With much made of Mancini's ultimately doomed decisions to continually change formation in Holland -- and accompanying speculation that was unsettling players -- the pressure appeared to be growing on the former Inter Milan boss.
But that eased slightly with a hard-fought win over Swansea last weekend and Mancini, who is believed to have held talks during last season about taking charge of Monaco, claims not to have been affected by recent pressure anyway. Mancini said: "I don't read the newspapers. I know my job and I know when I make a mistake or do the right things.
"For this I talk with my club, my chairman and my staff, the other situations are not important."
Mancini has always remained confident in his ability to deliver and famously guided City to title success last season after they had been eight points off the top with six games remaining.
But after what was a first league win in 44 years for the club, Mancini cannot understand where all the pressure and expectation for instant Champions League glory is coming from. He said: "I don't know but maybe there are some that are happy for this, and some others that push for this.
"I don't know who or for which reason, but we are a young club for the Champions League. It could be that we lose some games."
Mancini also points out that for all Ajax's domination, City did lead 1-0 in the Amsterdam ArenA and had chances to score a second before eventually crashing 3-1.

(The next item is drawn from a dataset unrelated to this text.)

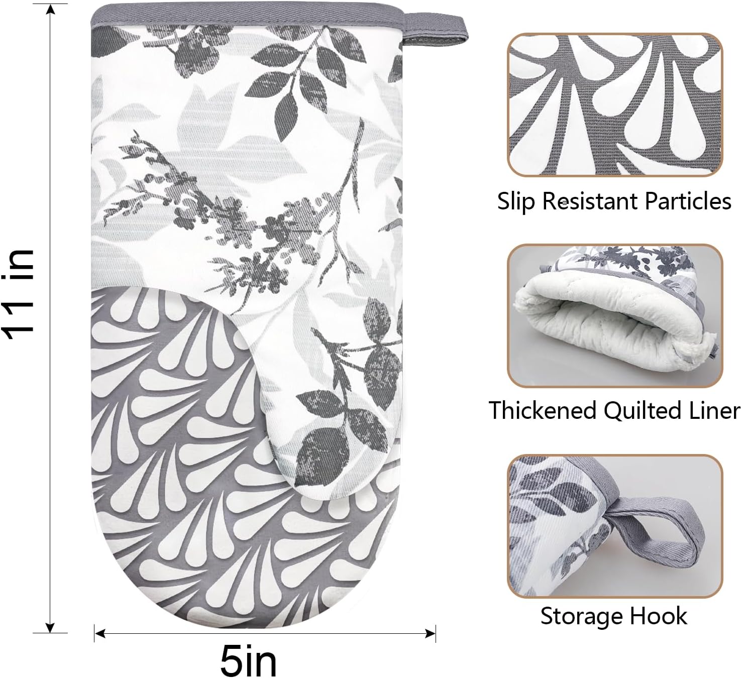 - 3. CUTE & FUNCTIONAL: The oven mitts with fashion patten is cute and add some fun to our kitchen decor. hanging loop, features a convenient for displaying or storing, save your room and make your kitchen look more cleaner.

He said: "Maybe we should do better because we didn't play well against Ajax, but when we were 1-0 we had two incredible chances to score the second goal.
"I think in that competition, when you have a chance, you need to score and close the game."
Meanwhile, City are set to bring Japanese wunderkind Hideki Ishige to England to run the rule over the midfielder, his club, Shimizu S-Pulse, said.
However, contrary to Japanese reports, City have yet to make an offer to sign the Asian Youth Player of the year.
The teenager has shone in recent months and has been key to Shimizu's march to the Nabisco Cup final on Saturday, as well as their late surge in the league.
Although Shimizu team manager Afshin Ghotbi wants to keep the 18-year-old within his ranks, he is also keen to give Ishige experience of a spell at City.
"If you want to build top-class players, you have to give them various experiences and opportunities to see first-hand what the world level is about," Ghotbi said. "And what better experience for Ishige than to train with the first team of Manchester City, the champions of England, and have Mancini see him first-hand and train with some of the top players in the world," he said. Ishige is set to spend time with City in January.
The former Iranian national coach said other European clubs were also keen on the teenager.
"There is interest in him, not just Man City but many clubs in Europe and he deserves it. He's a real fantastic talent," Ghotbi said.